• **About this exercise**
Restate the listing below word for word. No picture belongs in the result.

• **Entries provided**
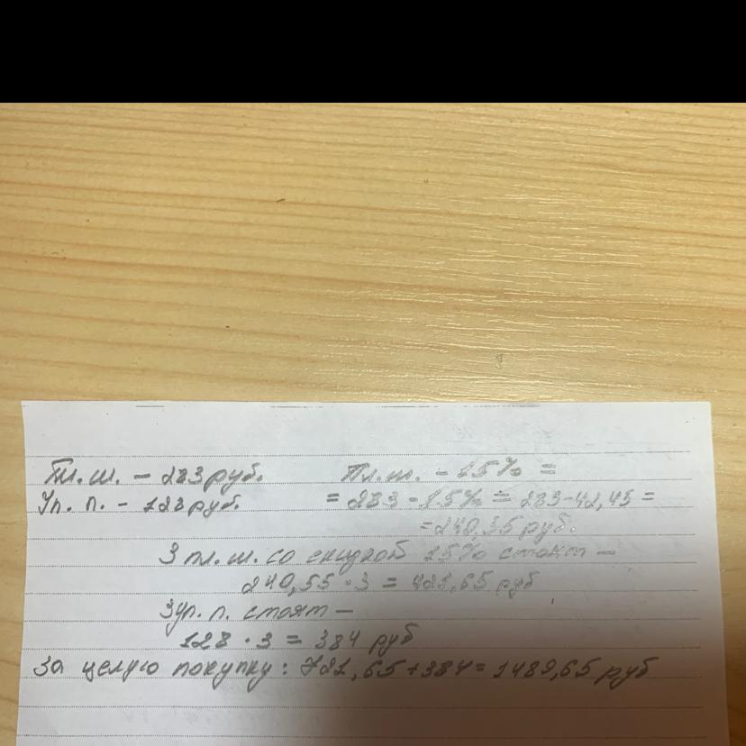 Плитка шоколада стоит 283 руб., упаковка печенья стоит 128 руб. На шоколад в магазине действует скидка 15%. Какую сумму заплатит покупатель за 3 плитки (плиток) шоколада и 3 пачки (пачек) печенья? (Ответ округли до сотых).
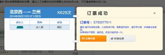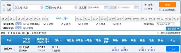 查詢北京到蘭州,9月1日的同一趟K629奇跡般的顯示有票
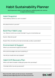 The Habit Sustainability Planner helps you reflect on why your wellbeing habits work, what makes them stall, and how to recommit when life changes. It’s a practical way to track what fits and what needs adapting.
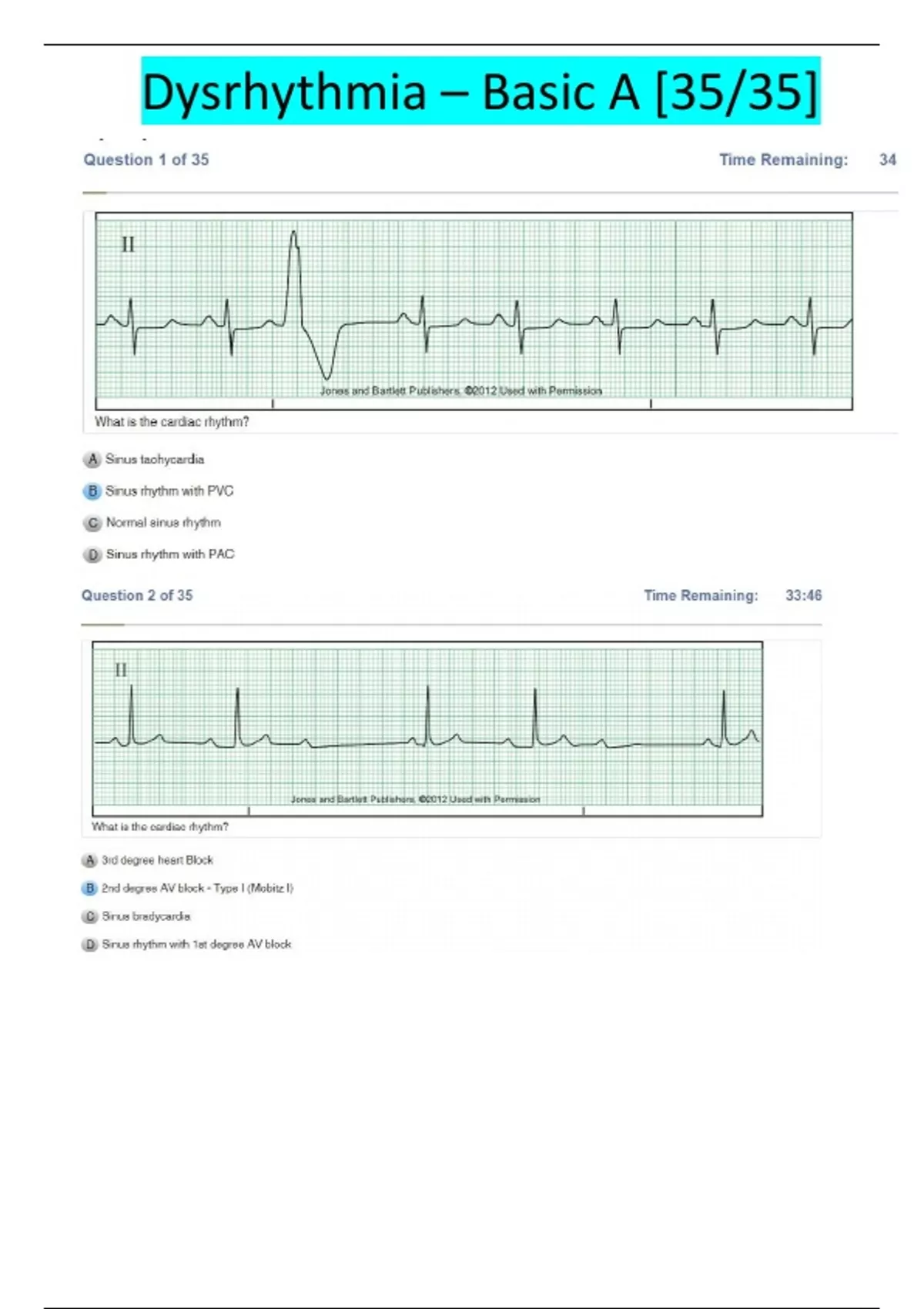 Relias Dysrhythmia Basic A Test Answers Questions and Answers, 2024
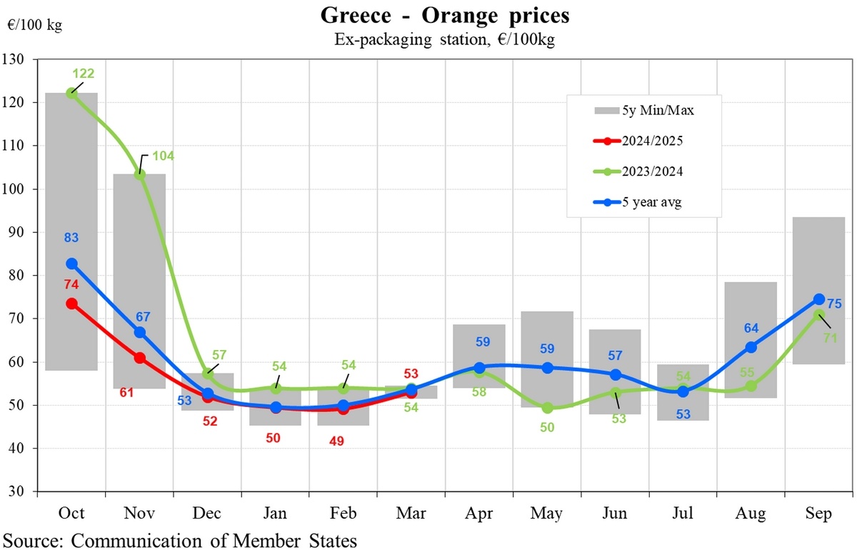 La Grèce, en revanche, a connu un premier trimestre difficile. En janvier, les prix n'étaient que de 50 €/100 kg et ont chuté à 49 € en février avant de remonter légèrement à 53 € en mars. Ces chiffres restent inférieurs à ceux de la saison précédente et à la moyenne quinquennale, ce qui indique une faiblesse persistante du marché. Le secteur grec des oranges subit la pression d'une demande limitée et peut-être d'une offre excédentaire, car les prix restent proches du minimum de la fourchette quinquennale.
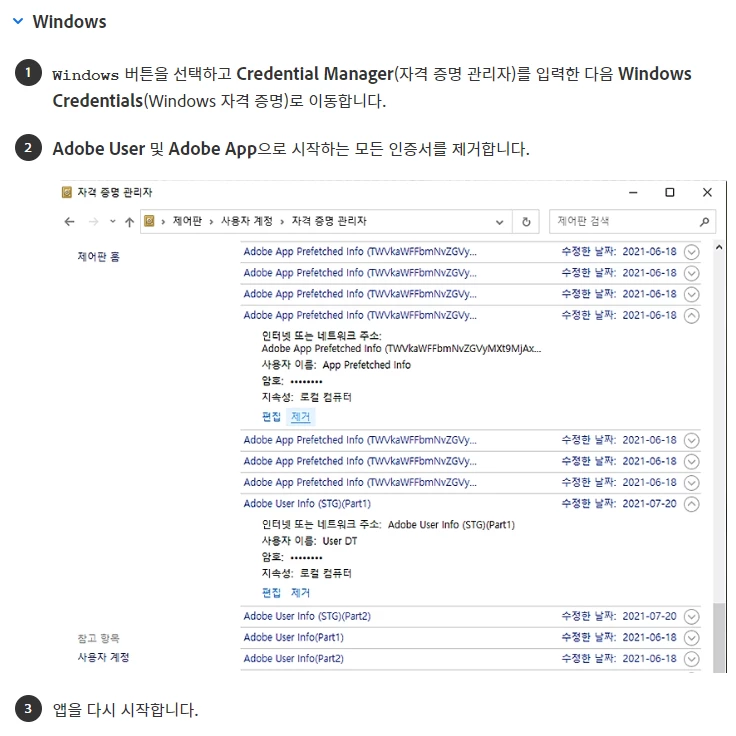 이미 클리너툴과 Adobe폴더 수동 삭제도 진행하셨군요.
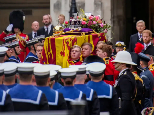 Nos momentos finais do cortejo para o funeral, o joalheiro da coroa removeu a coroa do Estado imperial, o orbe e o cetro da rainha, que estavam apoiados em cima do caixão, e os pôs no altar. O gesto é um símbolo da passagem do trono para o novo rei, Charles III.
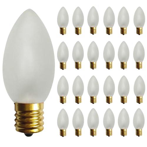 25 Pack C9 Frosted White Christmas Light Bulbs, C9 Frosted White Replacement Bulbs for Christmas Outdoor String Lights, 7W Incandescent Night Light Bulbs, C9/E17 Intermediate Base Bulb,120V 7W bulb
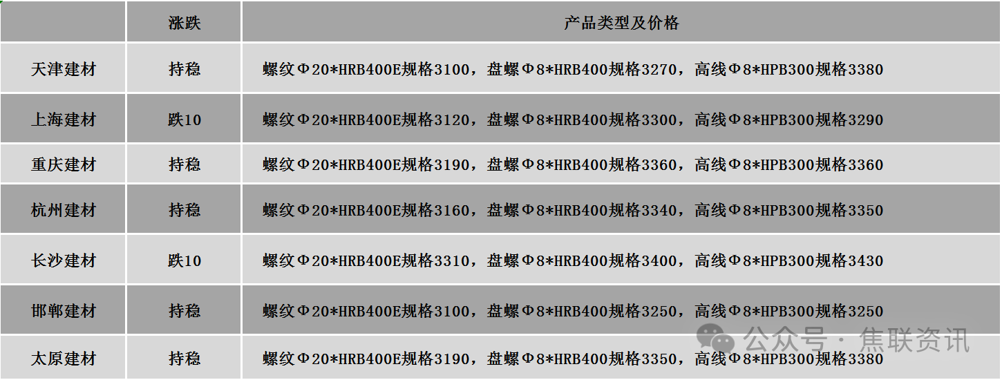 今日钢材价格继续稳中偏弱运行,局部下跌10-20元/吨。涨跌占比:24个螺纹钢主要市场中,20个市场持平,占比83.33%,4个市场下跌,占比16.67%。价格方面:螺纹钢均价3204元/吨,较上一交易日下跌2元/吨;高线均价3388元/吨,较上一交易日下跌2元/吨;热轧卷板主流价格均价3318元/吨,较上一交易日下跌1元/吨;冷轧卷板均价3770元/吨,较上一交易日下跌4元/吨;中厚板主流价格均价3344元/吨,较上一交易日上涨2元/吨。期货价格:日盘螺纹2605开3074收3071,最高3085最低3061,涨4涨幅0.13%;铁矿2605开753.0收752.0,最高753.0最低745.0,涨3.0涨幅0.40%。行业数据:2月下旬,21个城市5大品种钢材社会库存1088万吨,环比增加135万吨,上升14.2%,库存连续上升;比年初增加367万吨,上升50.9%;比上年同期减少15万吨,下降1.4%。市场方面:日盘期钢价格继续窄幅震荡运行,螺纹、热卷主力均报收小阴线,热卷报收于3212元/吨;重要会议召开,华北地区钢厂集中限产,煤焦需求下降,双焦盘面弱势运行,焦煤基本回吐昨日涨幅,报收于1097元/吨,焦炭跌幅相对较小。黑色系盘面震荡运行,钢材现货价格整体变化不大,多维持稳定报价,局部市场有小幅涨跌波动,终端复工情况一般,市场成交表现清淡。目前市场需求尚未恢复正常,复工进度仍然偏慢,冬储资源陆续到货,商家库存压力逐渐增大,整体出货意愿较强,预计短期钢材价格或稳中偏弱运行。
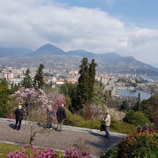 unser Hotel mit Blick auf den Lago Maggiore, die nächsten aus dem riesigen Garten der Villa Toronto
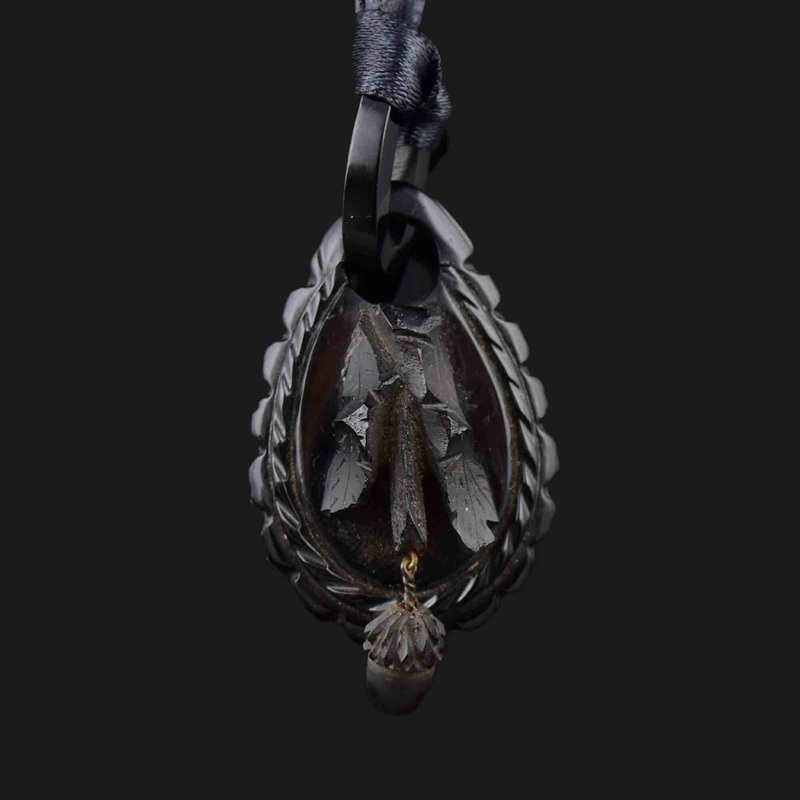 Antique Victorian Carved Whitby Jet Acorn Pendant
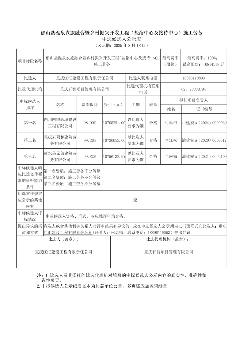 郁山盐温泉农旅融合暨乡村振兴开发工程(盐浴中心及接待中心)施工劳务中选候选人公示表

• **Exercise answer**
 Плитка шоколада стоит 283 руб., упаковка печенья стоит 128 руб. На шоколад в магазине действует скидка 15%. Какую сумму заплатит покупатель за 3 плитки (плиток) шоколада и 3 пачки (пачек) печенья? (Ответ округли до сотых).
 查詢北京到蘭州,9月1日的同一趟K629奇跡般的顯示有票
 The Habit Sustainability Planner helps you reflect on why your wellbeing habits work, what makes them stall, and how to recommit when life changes. It’s a practical way to track what fits and what needs adapting.
 Relias Dysrhythmia Basic A Test Answers Questions and Answers, 2024
 La Grèce, en revanche, a connu un premier trimestre difficile. En janvier, les prix n'étaient que de 50 €/100 kg et ont chuté à 49 € en février avant de remonter légèrement à 53 € en mars. Ces chiffres restent inférieurs à ceux de la saison précédente et à la moyenne quinquennale, ce qui indique une faiblesse persistante du marché. Le secteur grec des oranges subit la pression d'une demande limitée et peut-être d'une offre excédentaire, car les prix restent proches du minimum de la fourchette quinquennale.
 이미 클리너툴과 Adobe폴더 수동 삭제도 진행하셨군요.
 Nos momentos finais do cortejo para o funeral, o joalheiro da coroa removeu a coroa do Estado imperial, o orbe e o cetro da rainha, que estavam apoiados em cima do caixão, e os pôs no altar. O gesto é um símbolo da passagem do trono para o novo rei, Charles III.
 25 Pack C9 Frosted White Christmas Light Bulbs, C9 Frosted White Replacement Bulbs for Christmas Outdoor String Lights, 7W Incandescent Night Light Bulbs, C9/E17 Intermediate Base Bulb,120V 7W bulb
 今日钢材价格继续稳中偏弱运行,局部下跌10-20元/吨。涨跌占比:24个螺纹钢主要市场中,20个市场持平,占比83.33%,4个市场下跌,占比16.67%。价格方面:螺纹钢均价3204元/吨,较上一交易日下跌2元/吨;高线均价3388元/吨,较上一交易日下跌2元/吨;热轧卷板主流价格均价3318元/吨,较上一交易日下跌1元/吨;冷轧卷板均价3770元/吨,较上一交易日下跌4元/吨;中厚板主流价格均价3344元/吨,较上一交易日上涨2元/吨。期货价格:日盘螺纹2605开3074收3071,最高3085最低3061,涨4涨幅0.13%;铁矿2605开753.0收752.0,最高753.0最低745.0,涨3.0涨幅0.40%。行业数据:2月下旬,21个城市5大品种钢材社会库存1088万吨,环比增加135万吨,上升14.2%,库存连续上升;比年初增加367万吨,上升50.9%;比上年同期减少15万吨,下降1.4%。市场方面:日盘期钢价格继续窄幅震荡运行,螺纹、热卷主力均报收小阴线,热卷报收于3212元/吨;重要会议召开,华北地区钢厂集中限产,煤焦需求下降,双焦盘面弱势运行,焦煤基本回吐昨日涨幅,报收于1097元/吨,焦炭跌幅相对较小。黑色系盘面震荡运行,钢材现货价格整体变化不大,多维持稳定报价,局部市场有小幅涨跌波动,终端复工情况一般,市场成交表现清淡。目前市场需求尚未恢复正常,复工进度仍然偏慢,冬储资源陆续到货,商家库存压力逐渐增大,整体出货意愿较强,预计短期钢材价格或稳中偏弱运行。
 unser Hotel mit Blick auf den Lago Maggiore, die nächsten aus dem riesigen Garten der Villa Toronto
 Antique Victorian Carved Whitby Jet Acorn Pendant
 郁山盐温泉农旅融合暨乡村振兴开发工程(盐浴中心及接待中心)施工劳务中选候选人公示表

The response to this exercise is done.